Arthur Phillip Memorial


Arthur Phillip - The Hidden London Memorial.
One of the brass side plates shows five men raising the flag at Sydney on Wednesday 23 January 1788, the other shows the official occasion three days later when New South Wales was founded.

Arthur Phillip’s memorial was first unveiled in 1932 in St Mildred’s Church, Bread Street, just a few years before a German bomb fell during a raid in 1941, completely destroying the church. The memorial was re-erected shortly afterwards on a quiet corner of Watling Street, beneath the shadows of St Paul’s and more recently the new shopping centre development at New Change. Perhaps one of our least known naval heroes from British History, yet adored by many Australians’, giving them a Bank Holiday celebration, marking the anniversary of the first fleet’s arrival at Sydney Cove in January 1788.

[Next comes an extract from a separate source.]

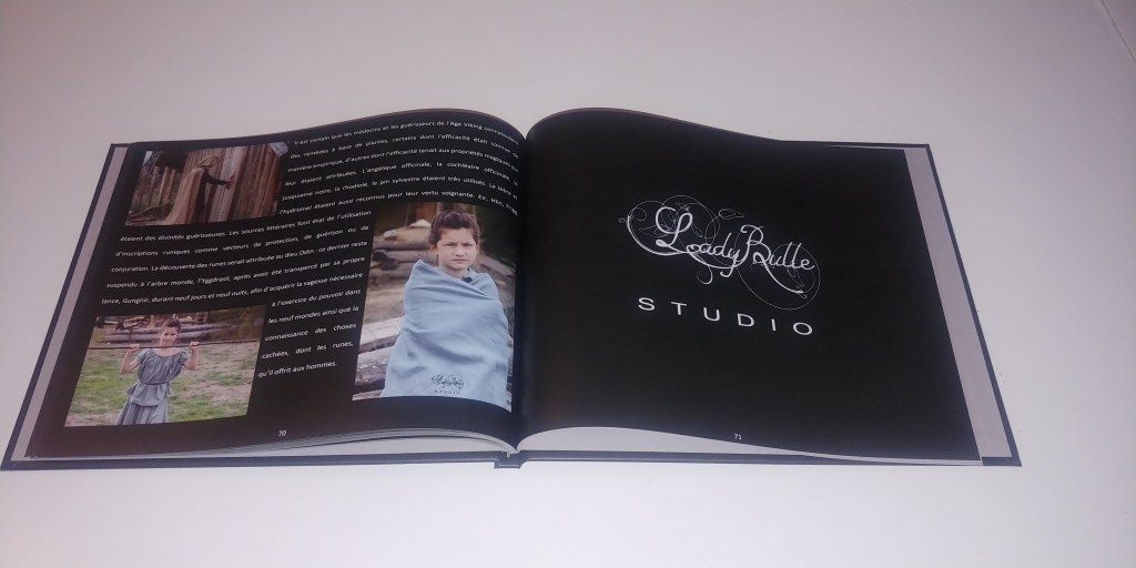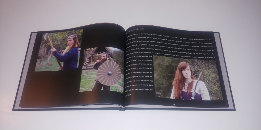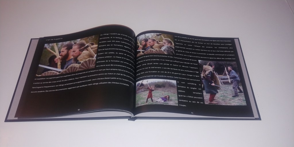 Je vous montre quelques photos du livre (désolée pour la qualité elles ont été faites avec mon téléphone). Il faut savoir qu’il fait 25 cm x 20 cm et 78 pages. Ce n’est pas un livre « Viking Fantaisy » mais un livre qui se veut réaliste vérifié par des historiens dans un esprit historique. Le livre comprend une première partie où je mets en perspective la série « Vikings » avec les faits historiques tels que les historiens, archéologues, chercheurs ont réussi à les réunir à l’heure actuelle et une seconde partie plus historique sur l’histoire, les guerres, la condition des femmes qui était bien plus avancée que dans de nombreux autres pays à l’époque (et encore actuels), les rites, … et beaucoup d’autres choses.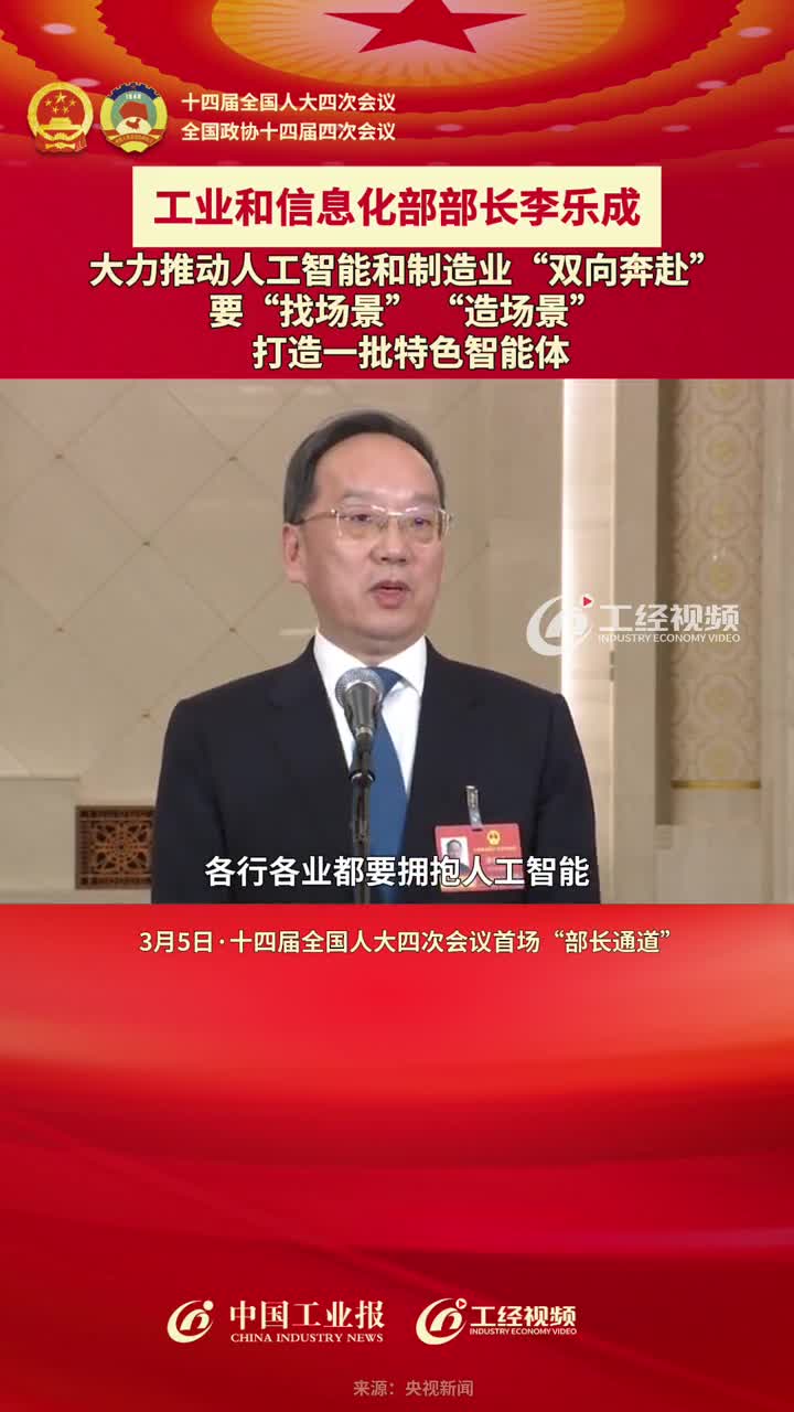 工业和信息化部部长李乐成:大力推动人工智能和制造业“双向奔赴” ,要“找场景” “造场景” ,打造一批特色智能体 #2026全国两会 #中国工业报两会时间 #部长通道 #人工智能

Arthur Philip (known as “Captain” by Australians, although he became an Admiral and also the first Governor of New South Wales) was born on the 11 October 1738 in Bread Street, close to the notorious Newgate Prison. Having convicts around him seems to be his fate for he was to carry 1,373 of them, 15,000 nautical miles which were one of the greatest voyages ever made. The fact that those on board arrived safely, apart from 23 who died at sea – a remarkably low figure when taking into account the eight months journey by eleven ships at sea.

Even his death has become surrounded in mystery. In 1797 he retired to Bath, where he lived with his wife Isabella at 19 Bennett Street a splendid Georgian property in a sweeping crescent. In 1814 this 76-year-old man who three months earlier had been promoted in his retirement to Admiral of the blue, fell from his first-floor window and died! Some have suggested suicide or even murder; although it is more likely he suffered a stroke after many years of ill health.

Australians visiting England wishing to honour Arthur Phillip this monument would be a proud reminder of our unsung hero, who has not had his rightful praise from his own countrymen, where to this day he remains almost unknown. He never encouraged celebrity status which might have made him extravagantly famous like Nelson and other men of action. Instead, he is worshipped from afar, the founder of Sydney, New South Wales and the other branch of Newgate Prison.